Pada periode ini respirasi cepat dan mungkin ada retraksi dada, denyut jantung cepat dan
irregular, dan bising usus juga telah ada.
2) Periode inaktivitas untuk fase tidur; setelah setengah hingga 1 jam bayi aktif kemudian
dimulai fase tidur. Fase tidur terjadi sekitar beberapa menit hingga 2 sampai 4 jam. Selama
periode ini bayi sulit terbangun.
3) Periode reaktivitas kedua; pada periode ini bayi bangun dan waspada. Respon fisiologis
yang dapat diamatai adalah peningkatan denyut jantung dan pernapasan. Perawat harus
waspada terhadap periode apnea pada periode ini. Periode reaktivitas pada bayi prematur
tertunda.

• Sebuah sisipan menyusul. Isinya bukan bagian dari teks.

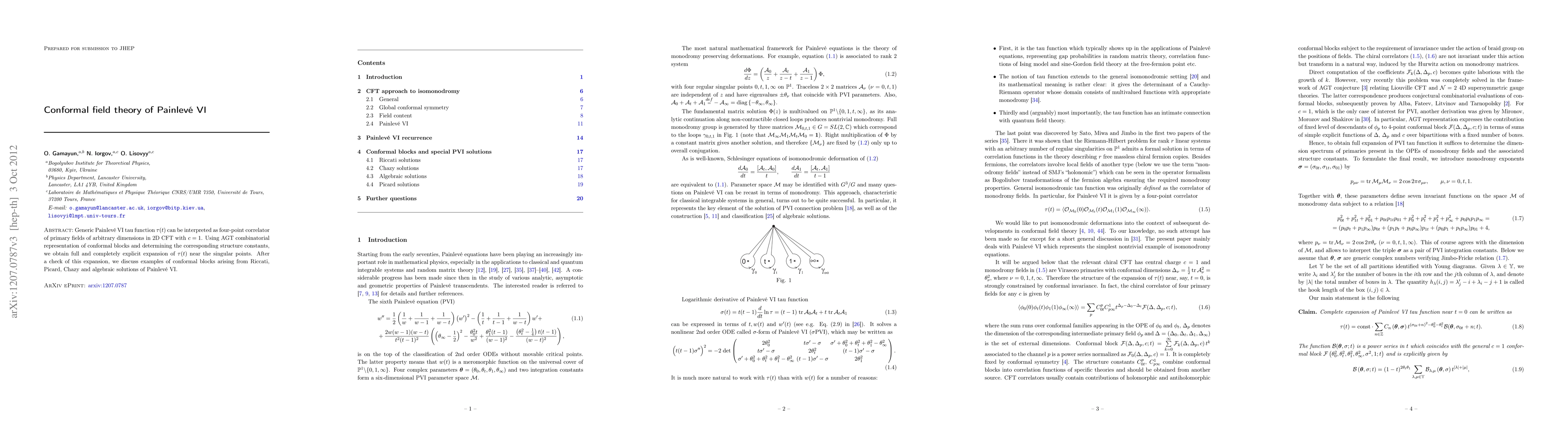 The paper presents a detailed analysis of the Painlevé VI tau function using conformal field theory, leading to an explicit expansion near singular points and identification of the tau function as a correlator of monodromy fields.

Pada bayi yang sangat sakit, periode ini secara keseluruhan tidak dapat di observasi
karena bayi kemungkinan hipotonik dan tidak reaktif selama beberapa hari setelah lahir.
Secara neurologis, respon bayi prematur (sucking, tonus otot, states arousal) lebih lemah
dibandingkan bayi cukup bulan.
2.1.6 Komplikasi pada Bayi Prematur
Bayi prematur sering mengalami masalah yang berhubungan dengan komplikasi.

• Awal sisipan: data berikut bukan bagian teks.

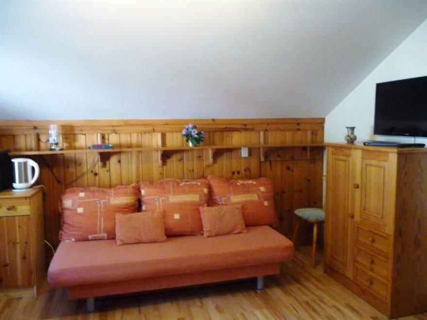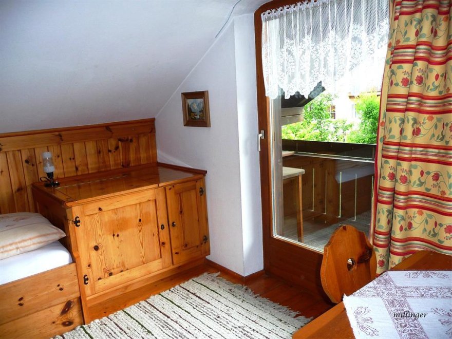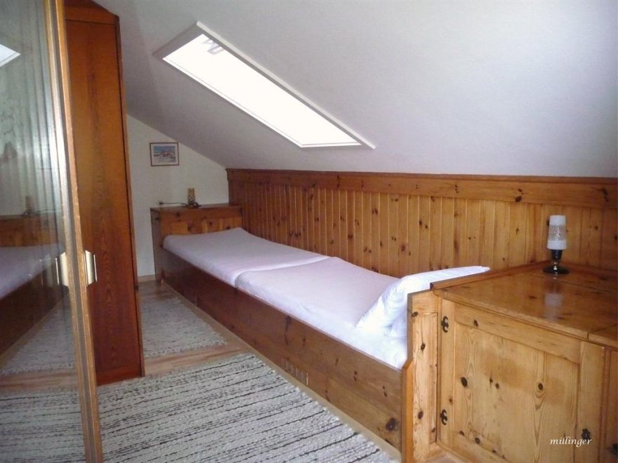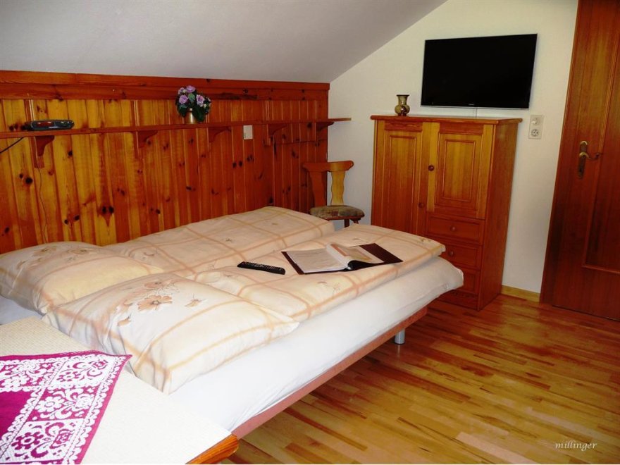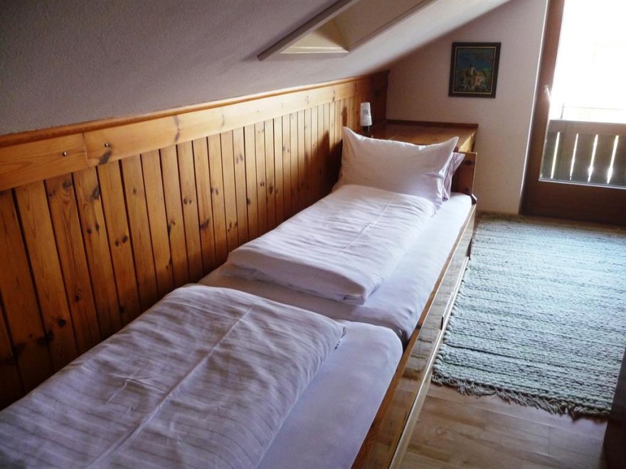 Im Schlafzimmer sind die Betten hintereinander. Noch eine separate Toilette ist nebenan. Sollte die Familie oder Gruppe größer sein - können wir Ihnen noch unser "Kammerl" für 1-2 Personen anbieten. Babybett vorhanden. WLAN kostenlosGemütliche 36m² Wohnung für bis zu 4 Personen - mit 1 Schlafzimmer, 1 Wohnschlafzimmer (ausziehbare Couch für 2 Pers.) im 2ten Stock. Kitchenette, Geschirr + Besteck, Microwelle, Kühlschrank, DU/WC, Kabel-TV, großer Balkon. Im Schlafzimmer sind die Betten hintereinander (90x190). Dachschräge. Sollte die Familie oder Gruppe größer sein - können wir Ihnen noch unser "Kammerl" für 1-2 Personen anbieten. Es gibt noch eine zweite Toilette... Noch eine separate Toilette ist nebenan. WLAN

Komplikasi yang berhubungan dengan prematuritas yang diberikan intervensi klinik adalah
Anemia of prematurity, Kernicterus, respiratory distress syndrome (RDS), retinopaty of
prematurity (ROP), patent duktus arteriosus (PDA) , intraventicular hemorthage (IVH),
necrotizing Enterocolitis (NEC), dan apnea. Masalah jangka panjang meliputi
bronchopulmonary Dysplasia (BPD), pulmonary interstitial emphysema (PIE), dan
posthemorrhagic hydrocephalus, defek bicara, defek neurologi, dan defek audiotori.

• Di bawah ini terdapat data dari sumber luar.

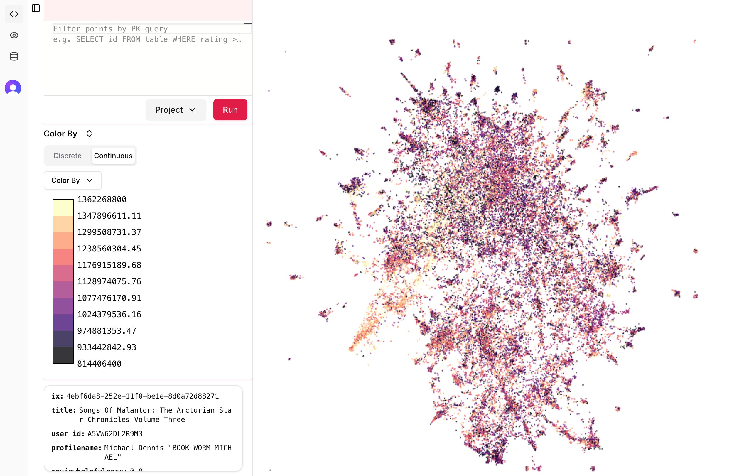Create a projection of a table. Our secure cloud worker pulls the selected table with the read-only string, runs dimensionality reduction on the Vector column and adds the 2D coordinates, then stores the snapshot as Apache Arrow files.

2.1.6.1 Anemia of prematurity
Banyak sel darah bayi prematur berkembang normokromik sehingga mengalami
anemia normositik. Sel darah merah mungkin mengalami fragmentasi atau bentuknya tidak
biasa. Jumlah retikulosit rendah karena sumsum tulang tidak meningkatkan produksinya
sebelum usia gestasi 32 minggu. Bayi akan nampak pucat, kemungkinan letargi dan anoretik,
dan biasanya gagal untuk tumbuh. Hal ini di pengaruhi oleh immaturitas sistem hematopoetik
ditambah dengan adanya destruksi sel darah merah yang dapat menurunkan level vitamin E,
yang normalnya bertugas untuk melindungi sel darah merah untuk mengalami oksidasi.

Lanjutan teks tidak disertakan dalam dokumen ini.